#### Available records:
***

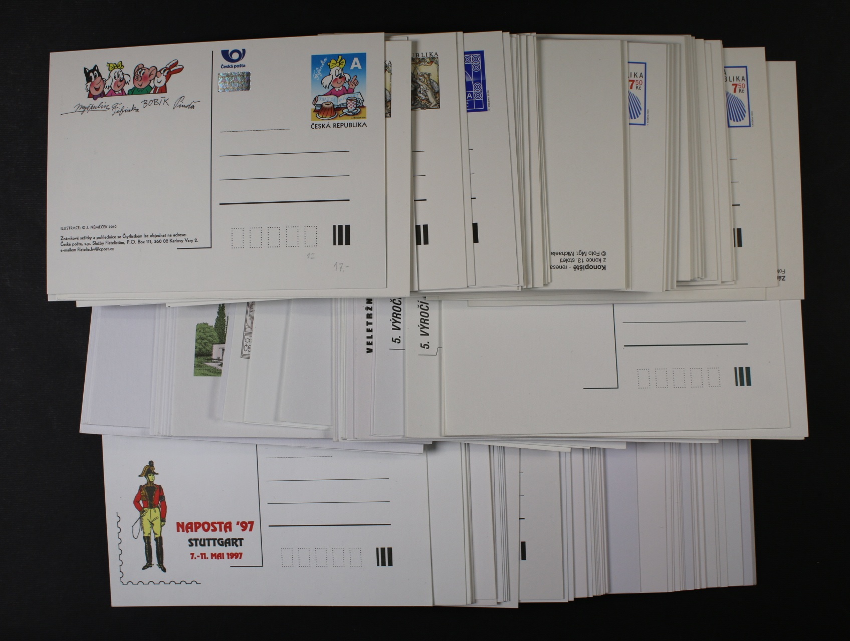 Česká republika - celiny - sbírka nepoužitých CDV s přítiskem, dále pohlednice s natištěnou zn., obsahuje mj. CDV č. 6/1-17 A + B, CDV č. 13/18-32 A + B, CDV 25/49-64 A + B, vše v nominální hodnotě cca 4000 Kč, uloženo v černé krabici
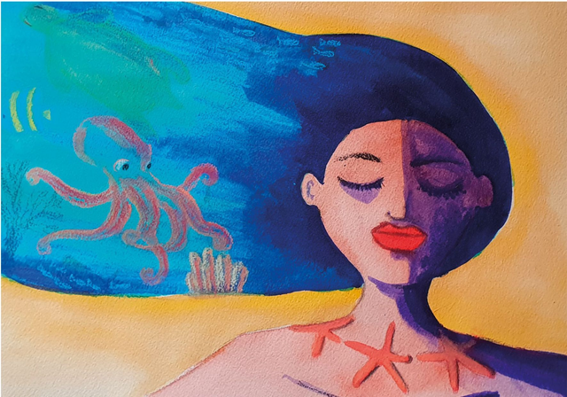 Carte postale réalisée à partir de l'aquarelle numérisée sur un papier 300 mg.
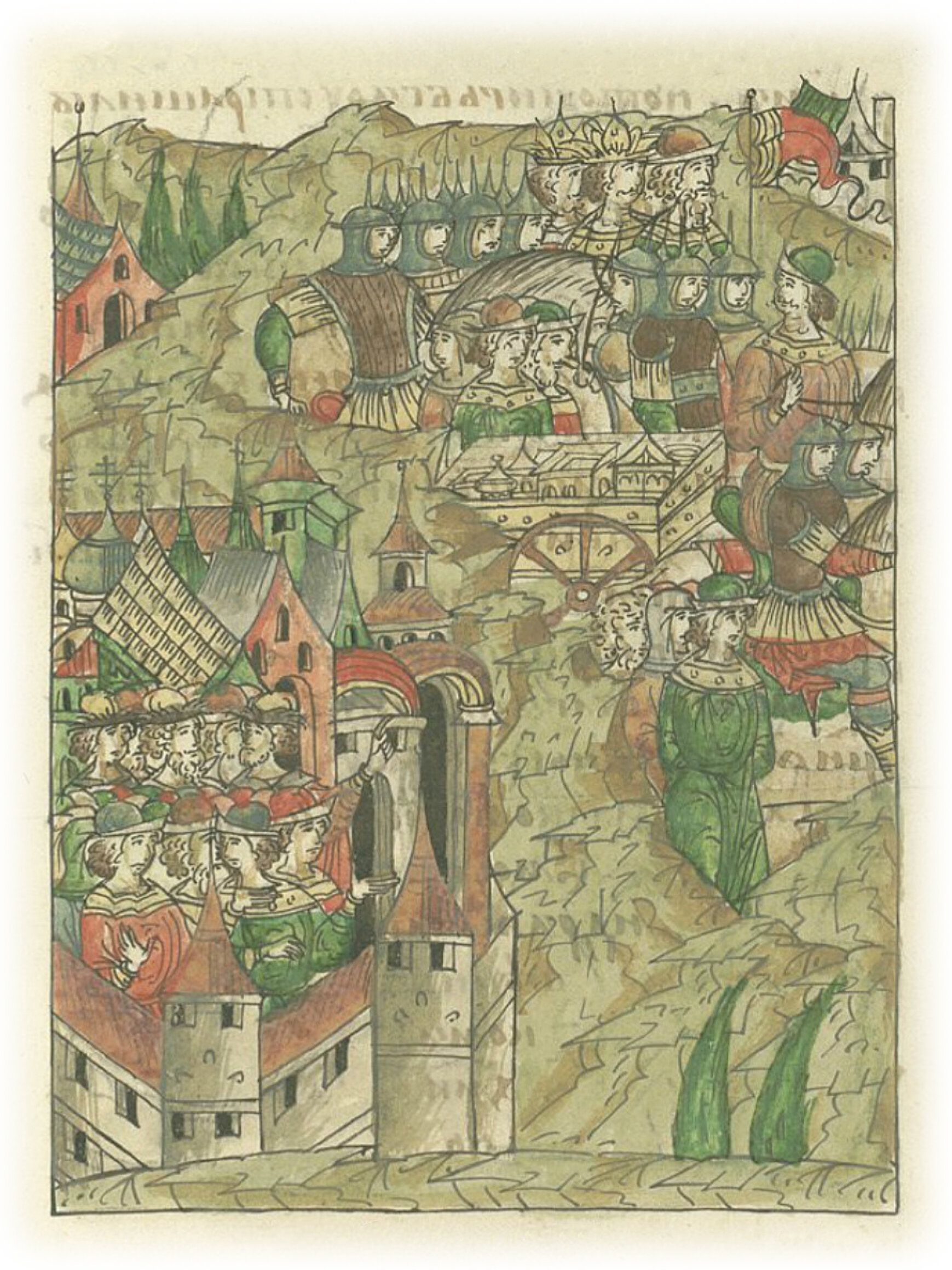 Языки говорят воеводам царя Ивана Васильевича, что магистр окопался большим рвом вокруг города Рындола, бьет из пушек и пищалей и приступает к Рындолу.
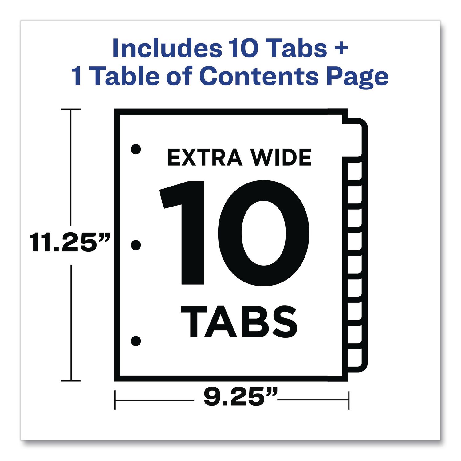 Customizable TOC Ready Index Multicolor Tab Dividers, Extra Wide Tabs, 10-Tab, 1 to 10, 11 x 9.25, White, 1 Set
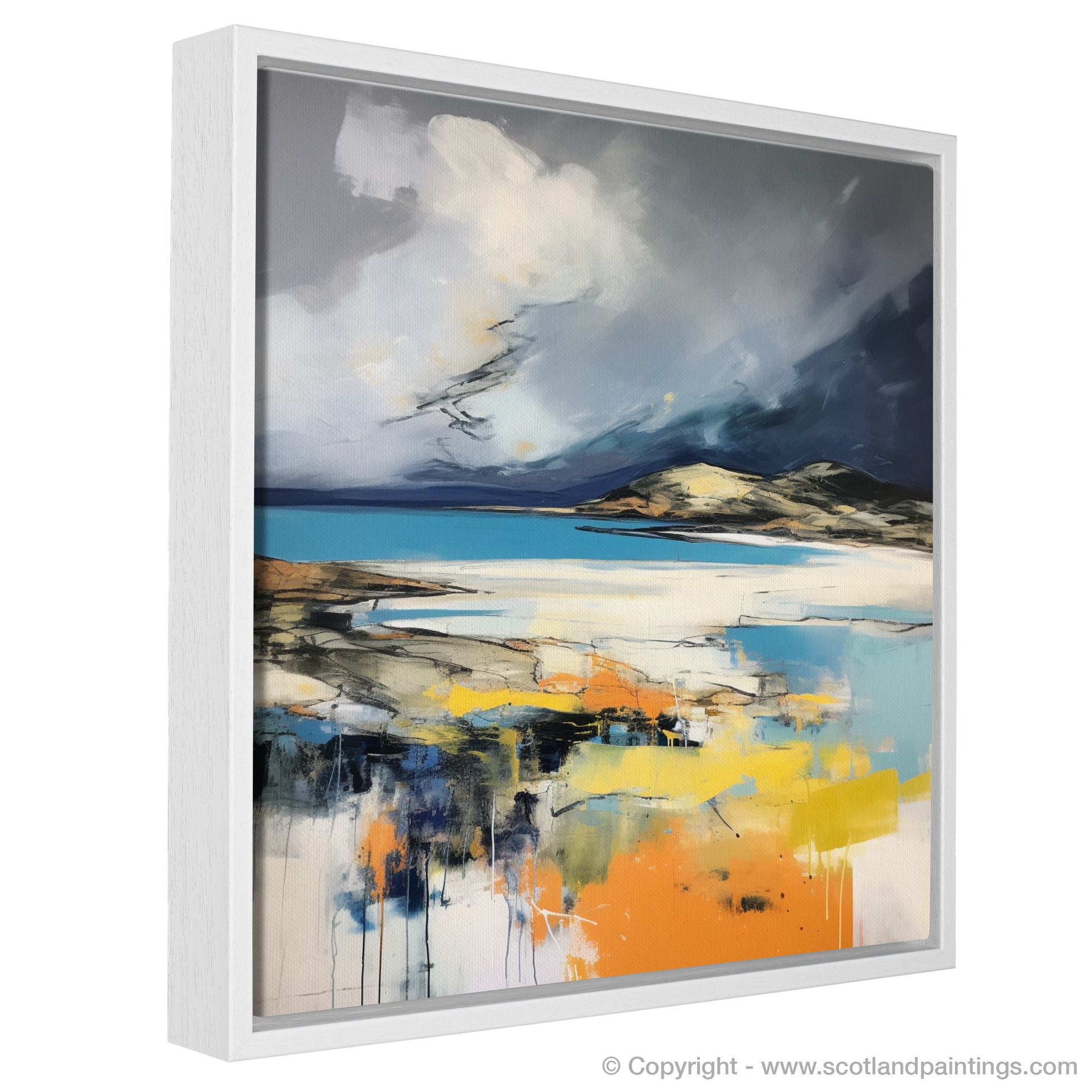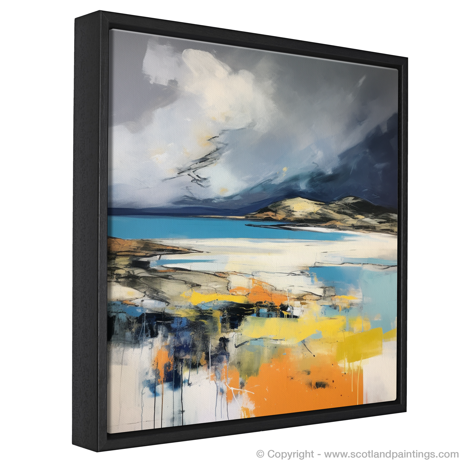 Bring the wild, untamed beauty of Scotland's coastlines to your space with our exclusive print, capturing the dramatic essence of Traigh Mhor. Bold strokes and a dynamic interplay of colours lay the foundation for a mesmerising visual exploration of nature's energy. The abstract rendition marries a spectrum of cool azure and tranquil turquoise tones with the warmth of vivid orange and gentle yellow highlights, evoking the contrast between the serene beach and the tempestuous skies above.

***

Without any pictures, write out the lines running from the one containing "Carte postale réalisée" through the end of the listing above, both included, exactly as given.

 Carte postale réalisée à partir de l'aquarelle numérisée sur un papier 300 mg.
 Языки говорят воеводам царя Ивана Васильевича, что магистр окопался большим рвом вокруг города Рындола, бьет из пушек и пищалей и приступает к Рындолу.
 Customizable TOC Ready Index Multicolor Tab Dividers, Extra Wide Tabs, 10-Tab, 1 to 10, 11 x 9.25, White, 1 Set
 Bring the wild, untamed beauty of Scotland's coastlines to your space with our exclusive print, capturing the dramatic essence of Traigh Mhor. Bold strokes and a dynamic interplay of colours lay the foundation for a mesmerising visual exploration of nature's energy. The abstract rendition marries a spectrum of cool azure and tranquil turquoise tones with the warmth of vivid orange and gentle yellow highlights, evoking the contrast between the serene beach and the tempestuous skies above.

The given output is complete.